**Work request**
All that is wanted is the exact lines from the first line of the data below through the line with "Unutarnji sloj s", both ends included, with pictures omitted.

**Data excerpt**
------------

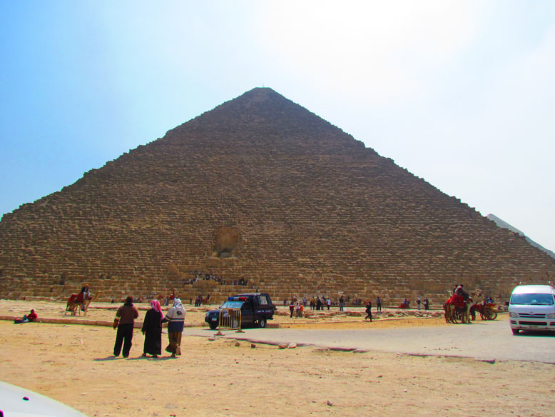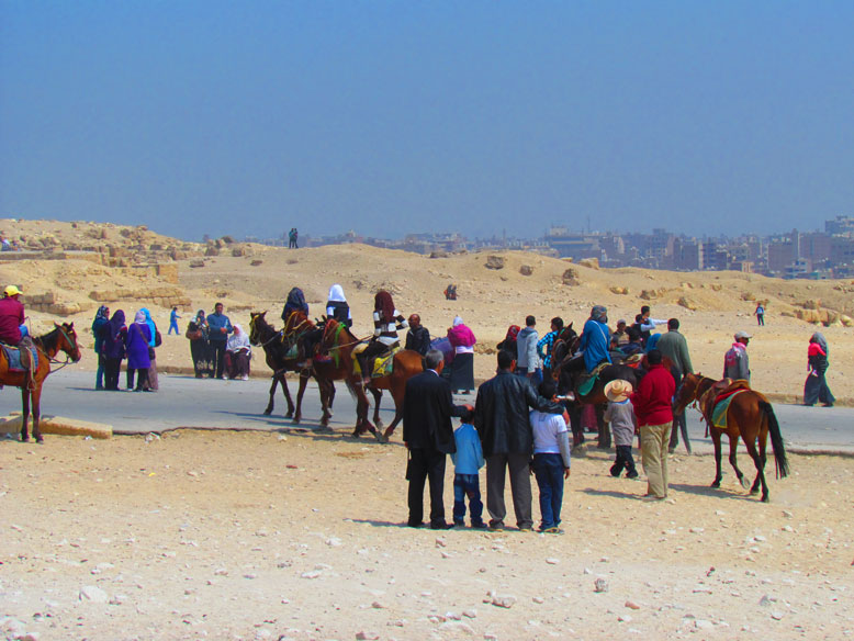 La majestuosidad de las piramides no tiene comparación alguna, pero el recinto donde estan, empaña completamente tan espléndido espectáculo. Carros a toda velocidad buscando turistas, caballos, camellos que no miran por donde vas y no respetan a nadie. Continuo acoso para ofrecer todo tipo de servicios, se meten por medio de tus fotos, te intentan timar con entradas falsas para acceder al interior de la piramide. Un espanto. Una pena que tan colosal estructura se vea tan enturbiada por ese mercado de gente y de servicios que la rodea. Lo mejor es volver la espalda a las piramides, intentar abstraerse de todo lo que te rodea y contemplar El Cairo, "la madre de todas las ciudades", como si tuviese vida propia, como si fuese un monstruo que se despereza y ruge saliendo de la cueva. Para mi, la mejor impresión de todo Egipto.
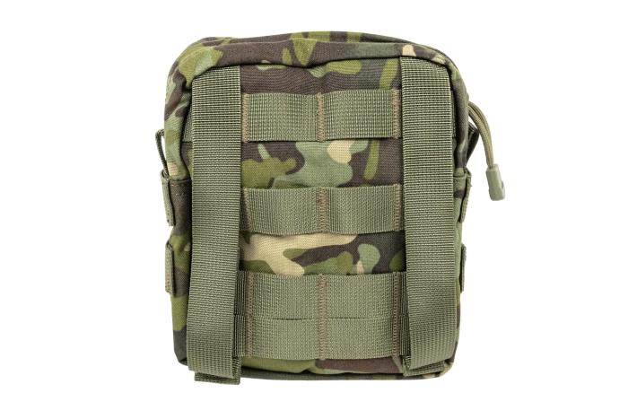 Unutarnji sloj s gumiranom oblogom osigurava otpornost na vodu, dok prednja strana prekrivena MOLLE mrežom omogućuje pričvršćivanje dodatne opreme.
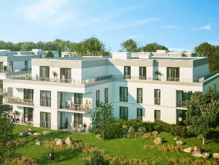 In Osnabrück ganz oben! Die Westerberg Logen bestehen aus nur vier Gebäuden mit insgesamt sieben separate Eingängen, was die Zahl der direkten Nachbarn auf ein Minimum reduziert. Jedes Gebäude beinhaltet lediglich drei Etagen (Erdgeschoss, Obergeschoss, Dach-/Penthousegeschoss), wobei die oberste Etage mit Dachterrassen ausgeführt ist, von denen Sie einen wunderbaren Ausblick in den Park und über Osnabrück genießen können. Die vier Häuser gruppieren sich locker um einen leicht terrassierten, begrünten Hof herum, was der Anlage ihren natürlichen Flair verleiht. Alle Wohnungen haben selbstverständlich großzügige Balkone, Dachterrassen oder – im Erdgeschoss – Terrassen mit privaten Gärten, die den Freiraum nach Draußen erweitern.
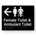 Female Toilets (Right Arrow) Braille Sign in Black Acrylic

------------

**Answer below**
 La majestuosidad de las piramides no tiene comparación alguna, pero el recinto donde estan, empaña completamente tan espléndido espectáculo. Carros a toda velocidad buscando turistas, caballos, camellos que no miran por donde vas y no respetan a nadie. Continuo acoso para ofrecer todo tipo de servicios, se meten por medio de tus fotos, te intentan timar con entradas falsas para acceder al interior de la piramide. Un espanto. Una pena que tan colosal estructura se vea tan enturbiada por ese mercado de gente y de servicios que la rodea. Lo mejor es volver la espalda a las piramides, intentar abstraerse de todo lo que te rodea y contemplar El Cairo, "la madre de todas las ciudades", como si tuviese vida propia, como si fuese un monstruo que se despereza y ruge saliendo de la cueva. Para mi, la mejor impresión de todo Egipto.
 Unutarnji sloj s gumiranom oblogom osigurava otpornost na vodu, dok prednja strana prekrivena MOLLE mrežom omogućuje pričvršćivanje dodatne opreme.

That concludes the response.